ASSIGNED TASK: Could you retype the lines below, starting at the line holding "重要文化財の観点からみると、" and stopping at the line holding "For Apple AirPods", inclusive? Copy them exactly and drop the images.
** Opening DATASET SECTION block **
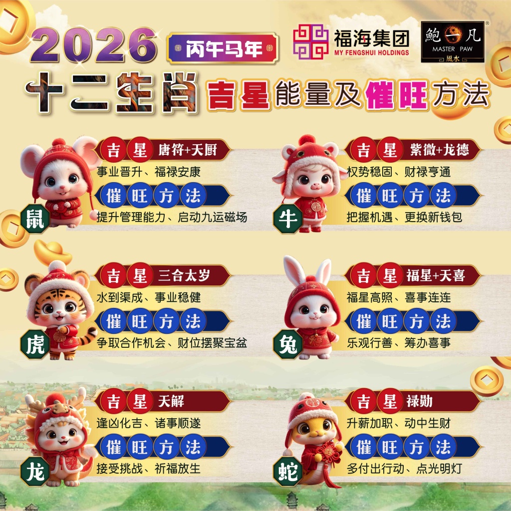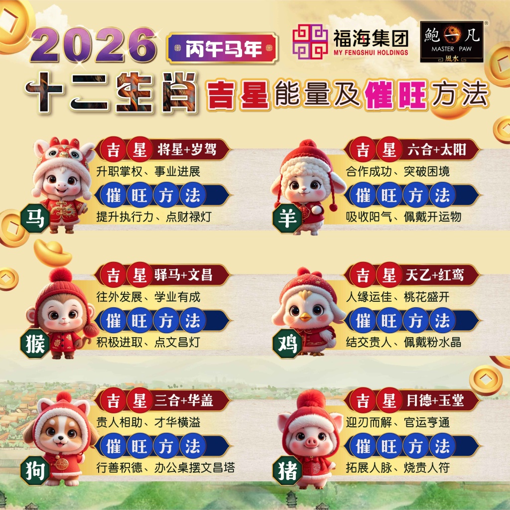 马年到来,意味着生肖运势的走向即将大洗牌,其中有凶星带来的负能量,也当然会有吉星在旁助旺你;那么,在马年里你的生肖会有什么吉星,而你又知道怎么利用它们来帮助你吗?今天,就让鲍一凡老师来教大家如何催旺你吉星的能量!
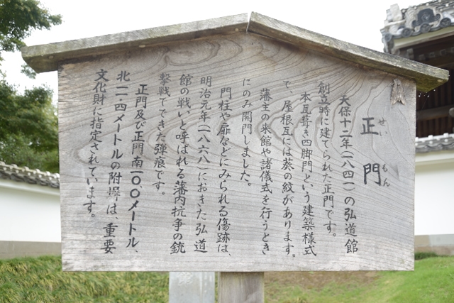 重要文化財の観点からみると、弘道館では、正庁、至善堂、正門附塀の3点です。現実に見学する場合、たいていは正門、正庁、至善堂の順で巡ることになります。
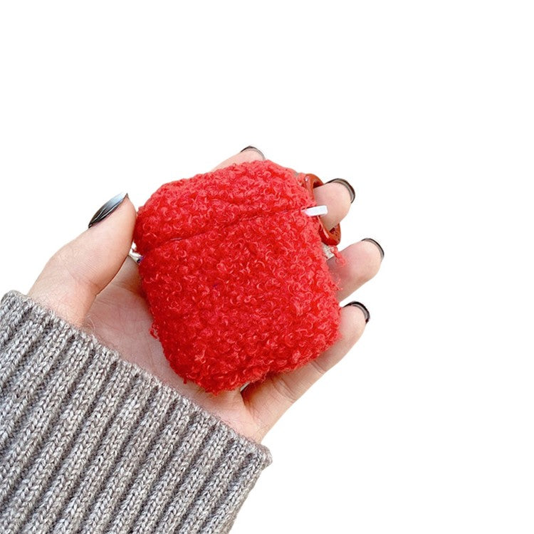 For Apple AirPods with Charging Case (2016) / (2019) / AirPods with Wireless Charging Case (2019) Shockproof Cover Bluetooth Earbuds Protector Fluff + TPU Case with Buckle - Red
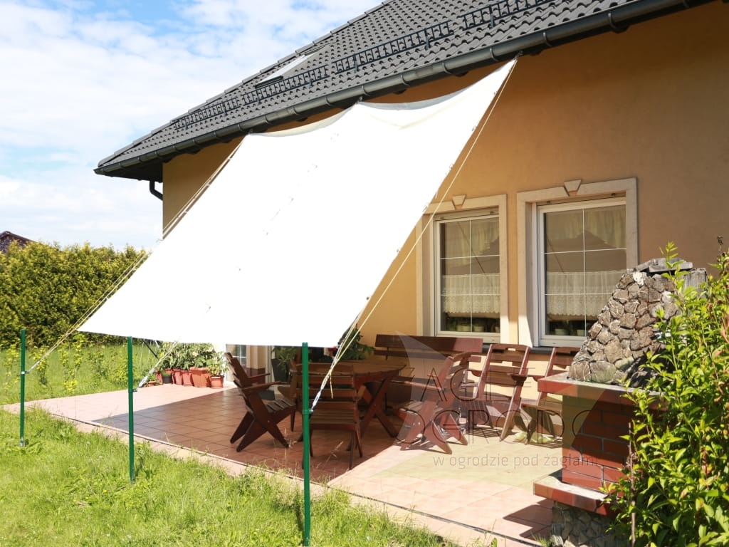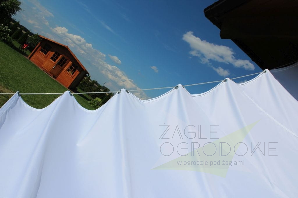 Durch die Befestigungsösen an den Rändern des Segels wird eine Stahlschnur geführt, mit der das Segel je nach aktuellem Bedarf ausgefahren oder eingefahren werden kann. Montagezubehör finden Sie auf unseren anderen Auktionen.
** Closing DATASET SECTION block **
SOLUTION TO THE PROBLEM:
 重要文化財の観点からみると、弘道館では、正庁、至善堂、正門附塀の3点です。現実に見学する場合、たいていは正門、正庁、至善堂の順で巡ることになります。
 For Apple AirPods with Charging Case (2016) / (2019) / AirPods with Wireless Charging Case (2019) Shockproof Cover Bluetooth Earbuds Protector Fluff + TPU Case with Buckle - Red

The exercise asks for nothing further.